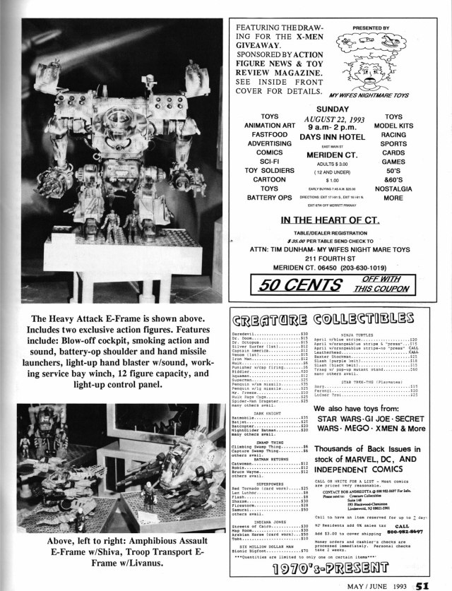 Well, it turns out there was one planned. But there was a problem– the Heavy Attack E-Frame was pretty much just a Mad Cat (or Timber Wolf) from the MechWarrior/BattleTech franchise with just a couple little embellishments. At that point, the lines between Exosquad, Robotech, and BattleTech were pretty blurred– the Robotech Destroids originated in BattleTech, and were released under the Robotech sub-line in the Exosquad toy line. So there was some cross pollination. But Playmates just making their own Mad Cat without licensing approval was probably a bridge too far, so the toy never came out. Exosquad was kind of on its last legs at that point anyway, though. I’m not sure on the whole story, but I’m guessing legal action would have been taken at some point, even if the toy line hadn’t died.
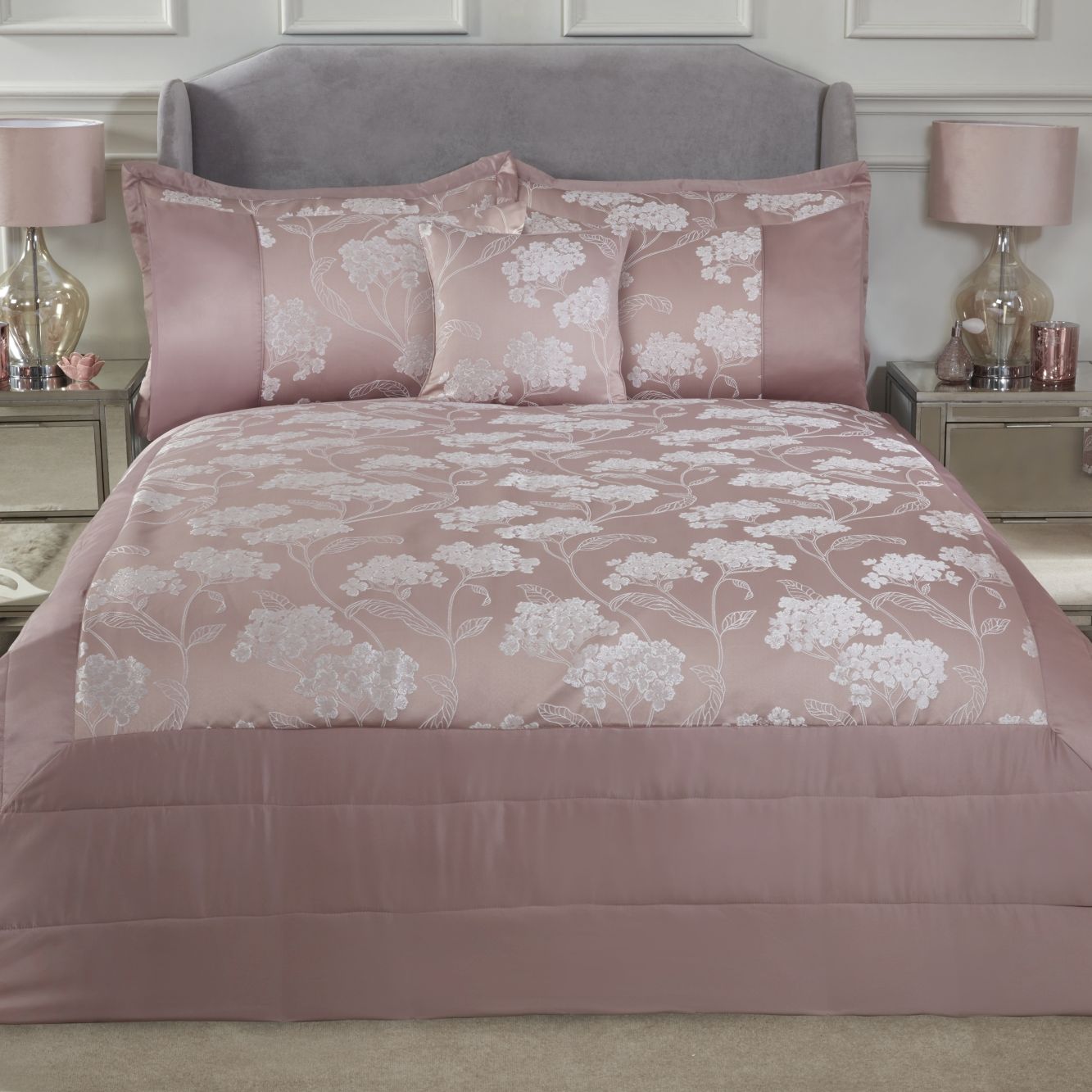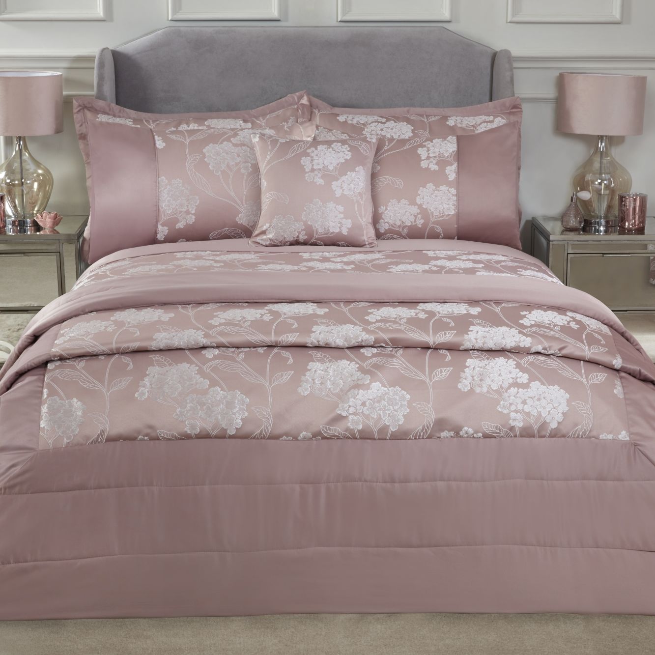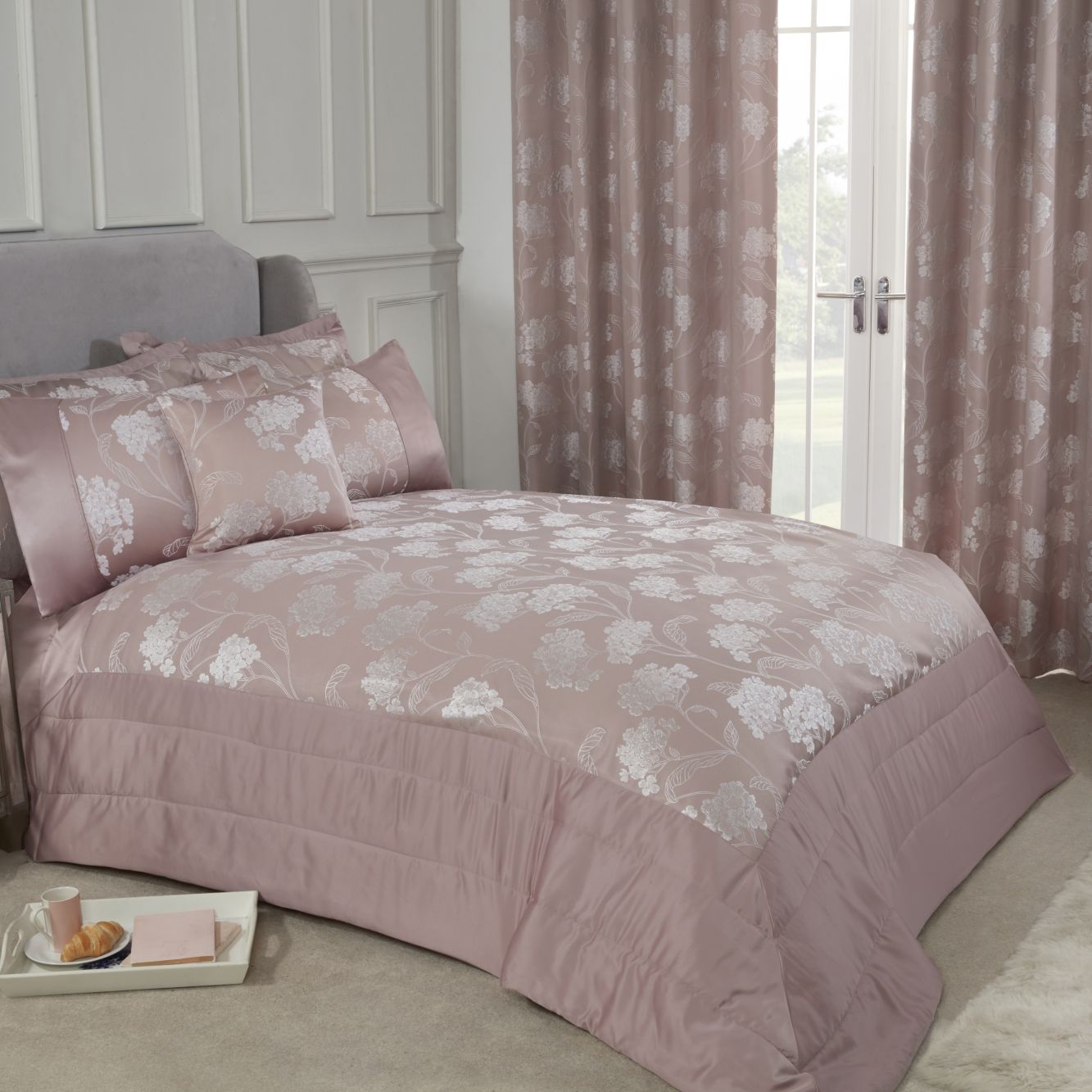 Blossom Blush Pink Embellished Jacquard Quilted Bedspread Set (220cm x 240cm)
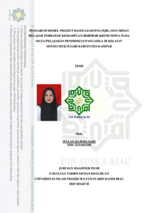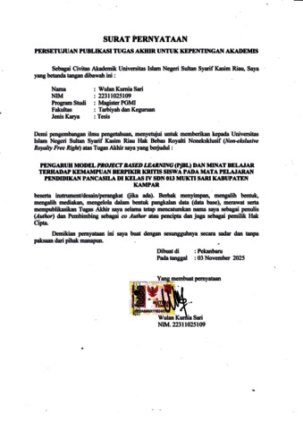 ABSTRAK Wulan Kurnia Sari (2025): Pengaruh Model Project Based Learning (PjBL) dan Minat Belajar terhadap Kemampuan Berpikir Kritis Siswa pada Mata Pelajaran Pendidikan Pancasila di Kelas IV SDN 013 Mukti Sari Kabupaten Kampar. Penelitian ini bertujuan untuk menguji pengaruh model Project Based Learning (PjBL) dan minat belajar terhadap kemampuan berpikir kritis siswa pada mata pelajaran Pendidikan Pancasila di kelas IV Sekolah Dasar. Penelitian menggunakan metode Desain Faktorial by Level 2x2. Subjek penelitian terdiri dari dua kelas, yaitu kelas eksperimen dengan menggunakan model Project Based Learning (PjBL) dan kelas kontrol menggunakan model Student Facilitator and Explaining (SFE). Teknik pengumpulan data dengan menggunakan tes untuk kemampuan berpikir kritis siswa dan angket untuk minat belajar siswa, dengan menggunakan uji two way anova, paired sample t-test dan koefisien korelasi. Hasil uji hipotesis menunjukkan bahwa model Project Based Learning (PjBL) memperoleh nilai 93.3 dan model Student Facilitator and Explaining (SFE) memperoleh nilai 79.1. Hal ini menyatakan bahwa model Project Based Learning (PjBL) lebih baik daripada model Student Facilitator and Explaining (SFE). Selain itu, minat belajar berhubungan dengan kemampuan berpikir kritis berdasarkan hasil analisis menggunakan uji koefisien korelasi, manyatakan bahwa R hitung 0.915 > R tabel 0.444. Dengan demikian, model Project Based Learning (PjBL) dan minat belajar terbukti lebih efektif dibandingkan dengan model pembelajaran lain dalam meningkatkan kemampuan berpikir kritis siswa di kelas IV Sekolah Dasar. Kata Kunci: Model Project Based Learning (PjBL), Minat Belajar, Kemampuan Berpikir Kritis.
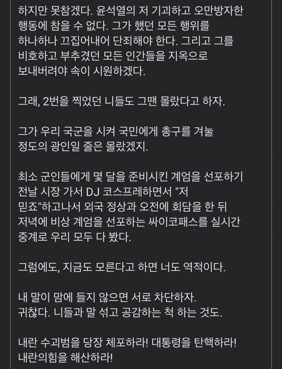 그리고 탄핵 반대 말은 못하고 탄핵을 정치로 만들어 입 다물게 할려는 2찍에게 열 받은 맘카페분.
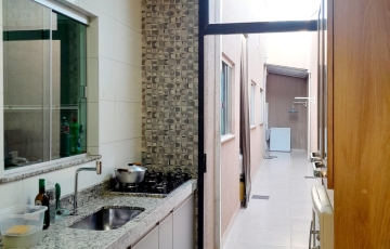 casa bem arejada, luz natural , 3 quartos sendo 1 suíte, sala em pé direito duplo , 2 cozinhas, área de serviços , garagem coberta para 1 , carro
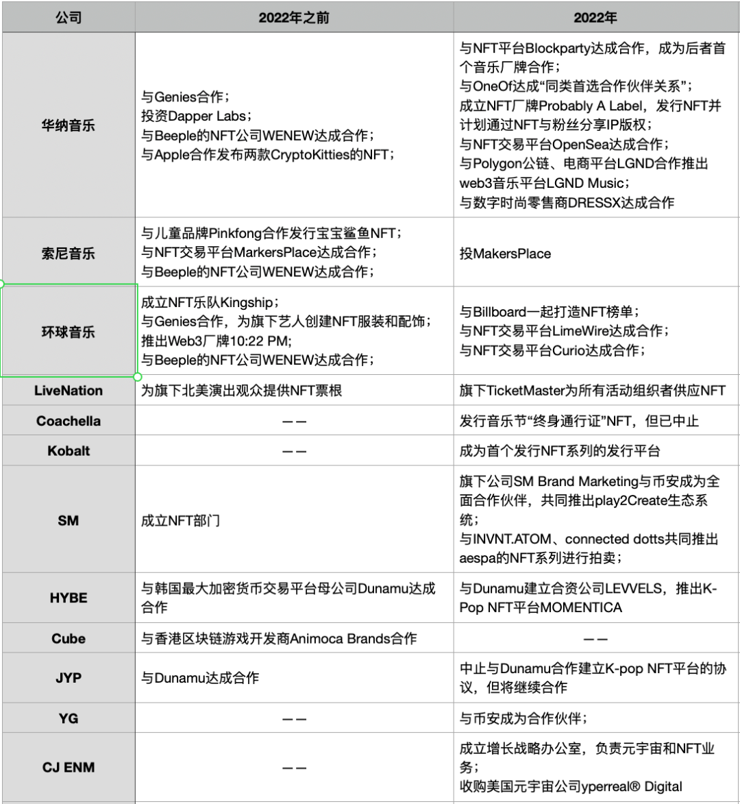与此相反的趋势是,更多的Web3初创公司得到了投资,以华纳音乐、SM娱乐为代表的音乐公司们也还在加紧布局,音乐NFT似乎并没有萎缩之势。
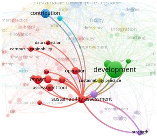 Figure 3 illustrates a network comprising connections among various terms and their application in the realm of research and development within this domain. Multiple terms, such as student, sustainable development, assessment tool, sustainability development goals, and campus, are linked, suggesting the wide-ranging utilization of these terms within the field of study. Additionally, Figure 4 exhibits direct connections between the terms and “sustainability assessment”.
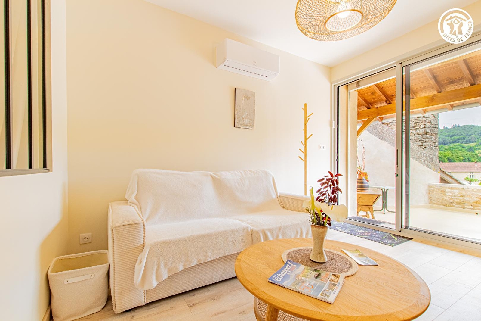 Composition : Maison de village mitoyenne. Wifi (fibre). Chauffage PAC + central au bois. Climatisation. 1er étage (accès par escalier montant par l'extérieur). Séjour-cuisine-salon (canapé convertible 2 p. 160x200cm), chambre (lit 2 p. 160x200cm), salle d'eau (douche), Wc indépendant. Balcon-terrasse (20m²) + garage (1 place / local vélos). Supérette 7.5 km. Toutes commodités dont supermarchés 11 km.
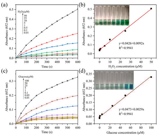 The time-dependent absorbance changes at 652 nm with different concentrations of (a) H2O2 and (c) Glucose. Linear calibration plot for (b) H2O2 and (d) glucose, calculated from (a) and (c), respectively. Inset: optical photograph of colored products in H2O2 and glucose with different concentrations.

::::::::::

Brief:
Taking the entries above, extract every line from the one bearing "그리고 탄핵 반대 말은" through the one bearing "Composition : Maison", exactly, with no pictures.

Result of this task:
 그리고 탄핵 반대 말은 못하고 탄핵을 정치로 만들어 입 다물게 할려는 2찍에게 열 받은 맘카페분.
 casa bem arejada, luz natural , 3 quartos sendo 1 suíte, sala em pé direito duplo , 2 cozinhas, área de serviços , garagem coberta para 1 , carro
与此相反的趋势是,更多的Web3初创公司得到了投资,以华纳音乐、SM娱乐为代表的音乐公司们也还在加紧布局,音乐NFT似乎并没有萎缩之势。
 Figure 3 illustrates a network comprising connections among various terms and their application in the realm of research and development within this domain. Multiple terms, such as student, sustainable development, assessment tool, sustainability development goals, and campus, are linked, suggesting the wide-ranging utilization of these terms within the field of study. Additionally, Figure 4 exhibits direct connections between the terms and “sustainability assessment”.
 Composition : Maison de village mitoyenne. Wifi (fibre). Chauffage PAC + central au bois. Climatisation. 1er étage (accès par escalier montant par l'extérieur). Séjour-cuisine-salon (canapé convertible 2 p. 160x200cm), chambre (lit 2 p. 160x200cm), salle d'eau (douche), Wc indépendant. Balcon-terrasse (20m²) + garage (1 place / local vélos). Supérette 7.5 km. Toutes commodités dont supermarchés 11 km.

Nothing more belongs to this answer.